Olivier Bauer (foto olivierbauer.org)

Precisamente, che cosa prende lo sport dalla religione?
Se si considera la religione come un centro attorno al quale una persona organizza la propria esistenza, per un certo numero di persone lo sport è paragonabile a una religione. Mi sorprende sempre il numero di persone che nella propria agenda segnano in primo luogo gli incontri del loro club preferito e poi organizzano il resto delle loro attività intorno a quelli. Per queste persone lo sport assume allora il ruolo che potevano assumere le religioni tradizionali: dà un senso alla loro vita.

Se lo sport è una religione, quale sarebbe il suo Dio?
Sono spesso gli stessi atleti che vengono messi al posto della divinità. Sono Federer, Messi, Ronaldo. Ma può essere anche un’istituzione, un club in cui uno “crede”. Per altri è lo sport stesso che è venerato e posto al centro dell’esistenza. In questo caso penso per esempio ai corridori o ai triatleti.

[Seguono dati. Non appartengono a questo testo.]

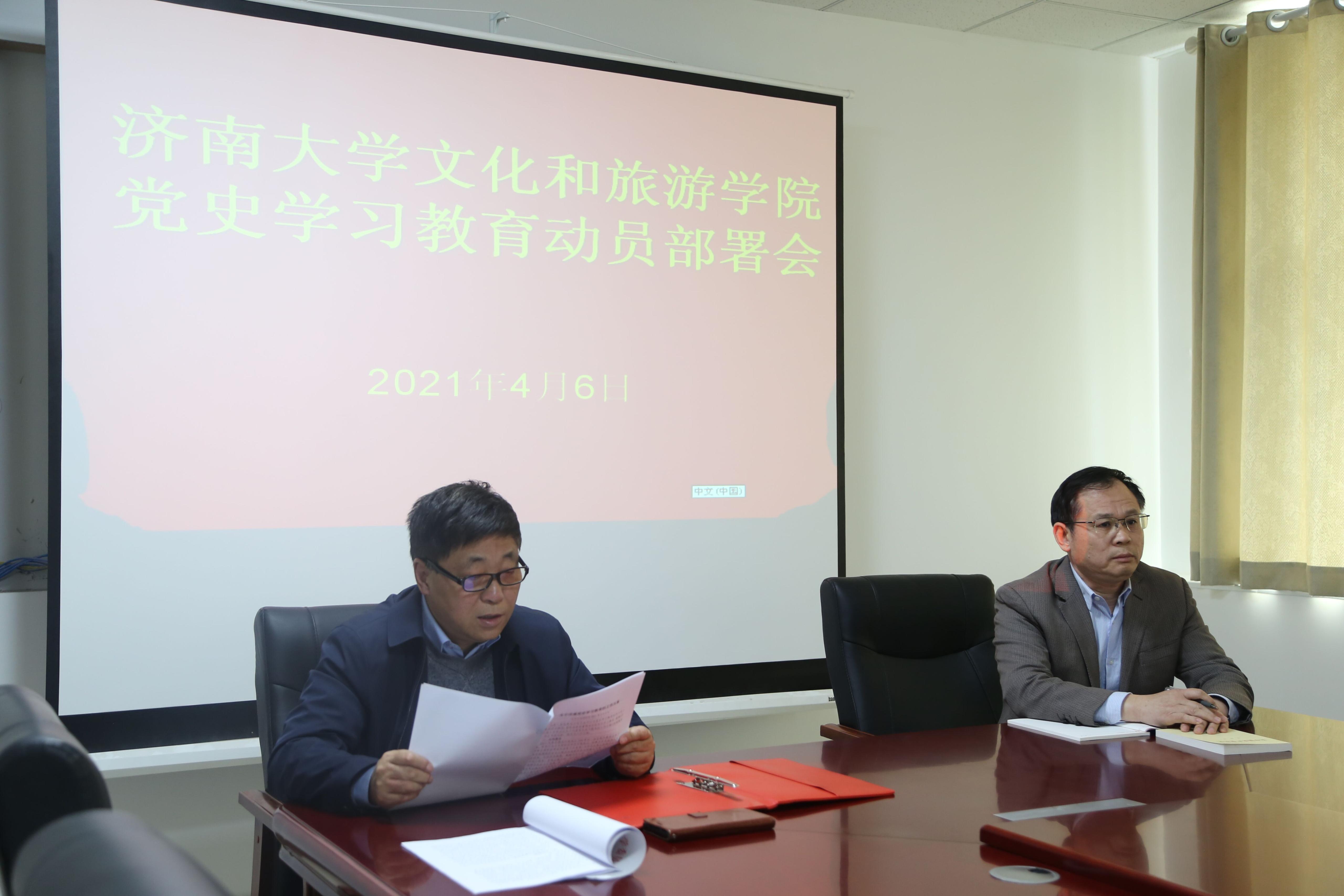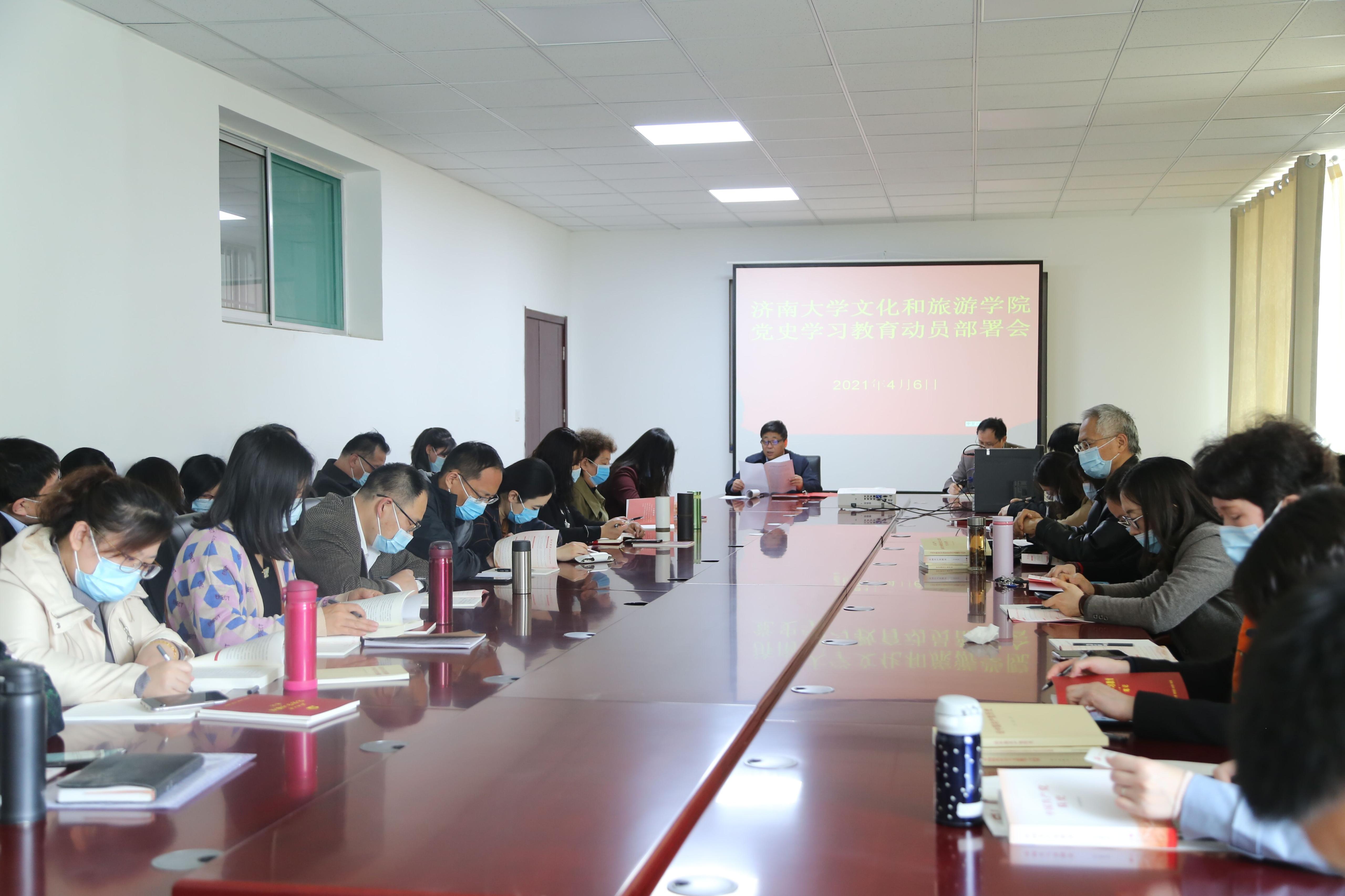 舜耕校区文旅楼212会议室举行“党史学习教育”动员部署会。会议由学院党委书记朱海涛主持,院长刘建波和全体教工党员参加。
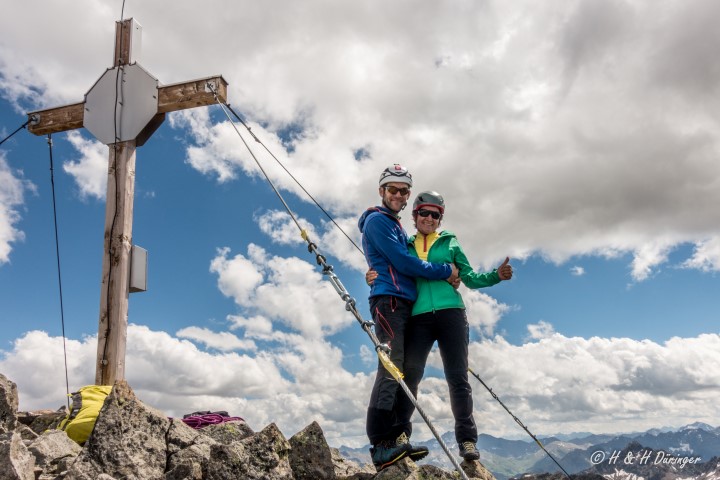 Zweiter Tag, ab zur Südwand der Östlichen Faselfadspitze, Tour „Totale Absolution“ 6+ und über den Ostgrat auf die Östliche Faselfadspitze 2947m – Weiter auf dem Verbindungsgrat zur Westlichen Faselfadspitze 2993m – Abstieg über den Südgrat und zur Hütte – Dann wieder gemeinsam nach Hause 🚌🍝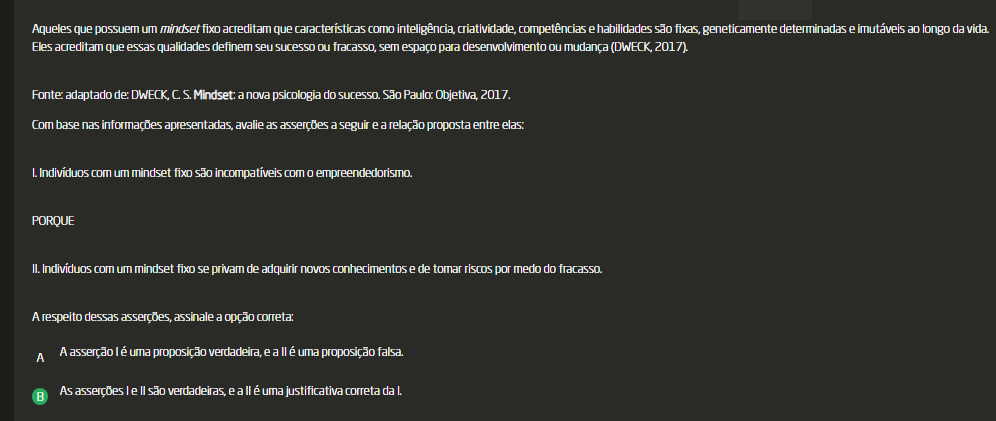 <p>Aqueles que possuem um mindset fixo acreditam que características como inteligência, competências e habilidades são fixas, geneticamente determinadas e imutáveis ao longo da vida. Eles acreditam que essas qualidades definem seu sucesso fracasso, sem espaço para desenvolvimento ou mudança (DWECK, 2017). adaptado de: S Mindset a nova psicologia do São Objetiva, 2017. Com base nas informações apresentadas, avalie as asserções a seguir e a relação proposta entre elas: I. Indivíduos com um mindset fixo são incompatíveis com empreendedorismo. PORQUE IL com um mindset fixo se privam de novos conhecimentos e de tomar riscos por medo do fracasso. A respeito dessas assinale a opção correta: A A asserção é uma proposição verdadeira, e all é uma proposição falsa B As asserções le II são verdadeiras, e all é uma justificativa correta da I.</p>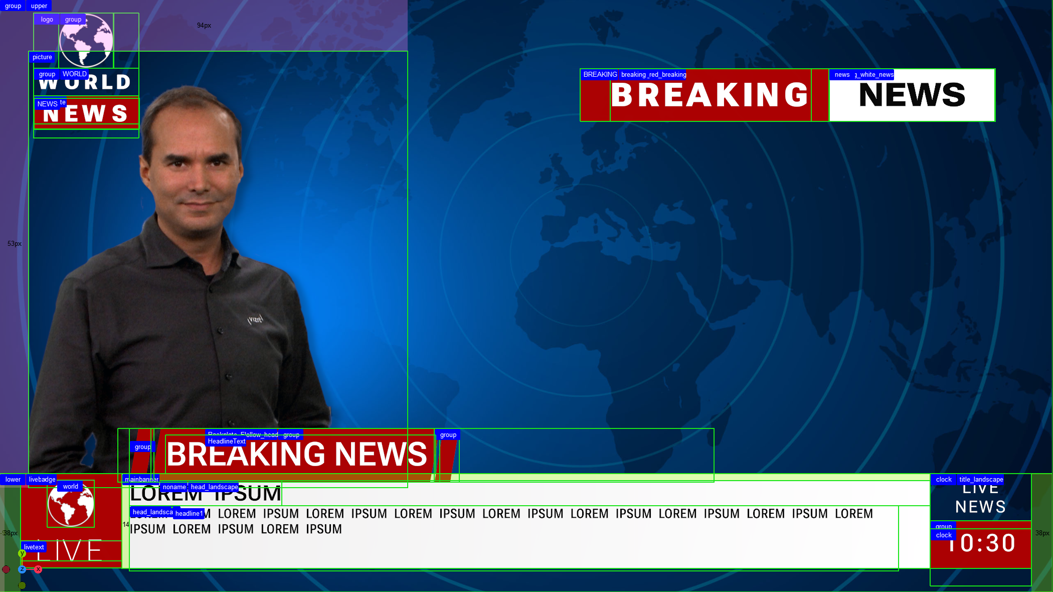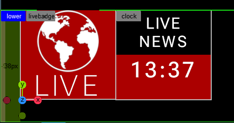 The Over the Shoulder element contains of an additional box, split into two rows. The first one shows a red backplate and the text BREAKING, the second one a white backplate and the text NEWS. As these words are not intended to be changed afterwards, the dimension of the container must not be dynamic. This box is also positioned in absolute mode.

(foto Emilio Garcia unsplash)

Il loro Dio sarebbe allora la performance?
Non soltanto. Può essere la performance, ma anche il superamento dei propri limiti, il piacere di correre. Può anche essere semplicemente il piacere di seguire una squadra, di vibrare all’unisono con altre migliaia di spettatori in uno stadio, di festeggiare un titolo… Ci sono due modi molto diversi di vivere lo sport, secondo che lo si pratichi o che si sia tifosi.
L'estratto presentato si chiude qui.